Monarchist Profile: Sir Robert Filmer


One of the most well known literary defenders of the British monarchy during the time of the English Civil Wars was Sir Robert Filmer, although some have since argued that he is more known by those who endeavored to refute him than he was on his own merits. Nonetheless, he put forward what is now one of the better known arguments in favor of paternalistic absolute monarchy, based on the Divine Right of Kings and in opposition to the liberal supporters of Parliament. I will admit that he is probably my favorite political theorist of his time and place and one I would certainly be more in agreement with than someone like Thomas Hobbes (whom Filmer actually criticized). Little Bobby Filmer was the son of Sir Edward Filmer, a native of Kent, and was born sometime in 1588. He studied at Cambridge and was knighted by King Charles I. An ardent royalist, he supported the King in his disputes with Parliament and Filmer suffered dearly for it. He was captured and thrown in the dungeon at Leeds Castle in 1643 and had his home vandalized by the Parliamentarians no less than ten times. Obviously, not the sort of experiences that would be inclined to endear him to the cause of liberalism.

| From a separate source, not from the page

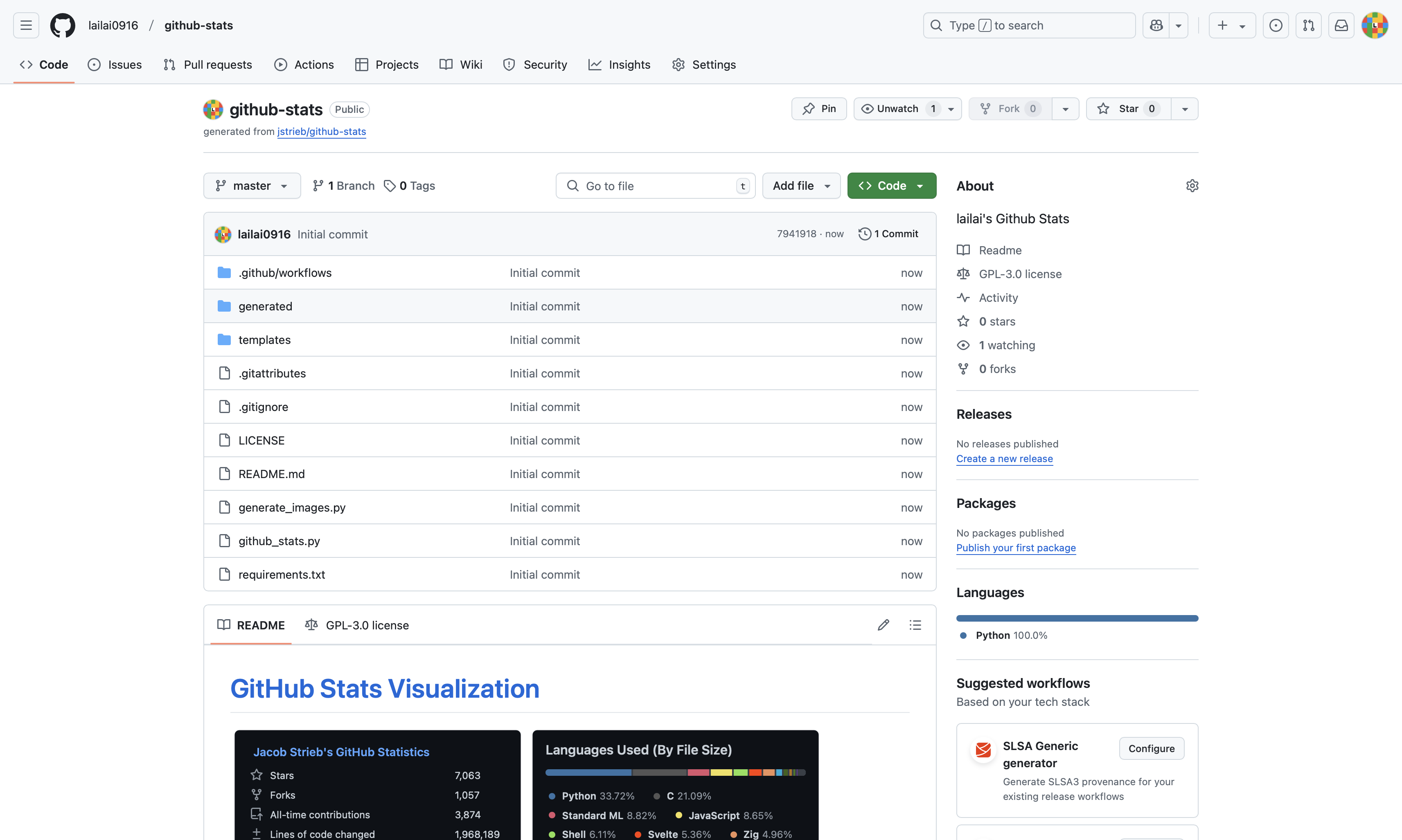 - 复制 GitHub Stats Visualization 的 GitHub 仓库。

Filmer wrote extensively in support of the monarchy on the battleground of political theory and also occasionally wrote criticisms of other theorists, philosophers and religions (he did not like Calvinists -not monarchist enough, and he did not like Catholics who were sufficiently monarchist but their loyalty to the Pope made them suspect). Although not the sort of total authoritarian that Hobbes was, Filmer was definitely an advocate of absolute monarchy, no doubt about it. In fact, were he alive today, Filmer would hardly recognize any western monarchy as being a monarchy at all as he was totally opposed to limited, mixed or what would later be known as constitutional monarchy. Royal authority had to be absolute and unfettered according to Filmer for several basic reasons; because justice can only be imposed, it cannot be self-administered; because all power is absolute according to natural law and because monarchs have inherited a divine right that no one on earth has authority to take from them. According to Filmer, democracy was chaos; at best only one step away from anarchy and even mixed government was trending in the wrong direction because it implied that Parliament had at least some power over the King or that there were powers they had which the King could not revoke.

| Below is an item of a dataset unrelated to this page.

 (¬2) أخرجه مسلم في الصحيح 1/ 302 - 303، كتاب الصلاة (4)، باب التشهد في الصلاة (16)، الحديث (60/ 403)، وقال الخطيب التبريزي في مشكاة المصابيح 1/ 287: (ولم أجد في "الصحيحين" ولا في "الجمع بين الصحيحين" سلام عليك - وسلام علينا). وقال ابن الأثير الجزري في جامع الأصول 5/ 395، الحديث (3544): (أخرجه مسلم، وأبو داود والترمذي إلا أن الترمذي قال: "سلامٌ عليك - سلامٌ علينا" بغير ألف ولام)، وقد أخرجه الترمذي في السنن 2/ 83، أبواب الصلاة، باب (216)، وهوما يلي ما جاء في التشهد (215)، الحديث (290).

One of the things I like about Filmer is that he challenged problems and hypocrisies in the liberal democratic/republican model that are seemingly obvious but rarely addressed. For example; why does everyone assume democracy to be an absolute good when virtually everyone also agrees that democracy is dangerous, inefficient and inevitably fails? Why is it wrong for the King to have power instead of ‘the people’ but it is okay for some people to have power and not others. After all, at least at that time, even the most radical liberals who championed the cause of “the people” never for a minute considered “the people” to include women, children, criminals, slaves or the retarded for that matter. In short, if it was “unfair” for the King to have power but not “the people”, why was it “fair” for men to have power and not women? Was it “unfair” that adults should have more power than children? One cannot help but be reminded of how, during the period of the American Revolutionary War, Samuel Johnson wondered why the loudest yelps for liberty came from slave owners like George Washington and Thomas Jefferson.

As a basis for his support of absolute monarchy, Filmer went back to the origins of humanity and the Old Testament of the Bible. He noted, in his most famous work, that the very first governments in the Bible were patriarchies. This was the rule of a father over his family and, given how long Biblical figures lived, they could come to rule quite a large group of families. Filmer reasoned that there was no real difference between a family patriarch and a royal monarch. A family, expanded to a clan, expanded to a tribe, expanded to a nation and patriarchs inevitably became lords, chieftains and kings. So, the rule of a king over his subjects was no different than the rule of a father over his family. He noted that, in the Bible, fathers had absolute power, even of life and death, over their families and yet, because of the paternalistic nature of the relationship, this was not oppressive or negative.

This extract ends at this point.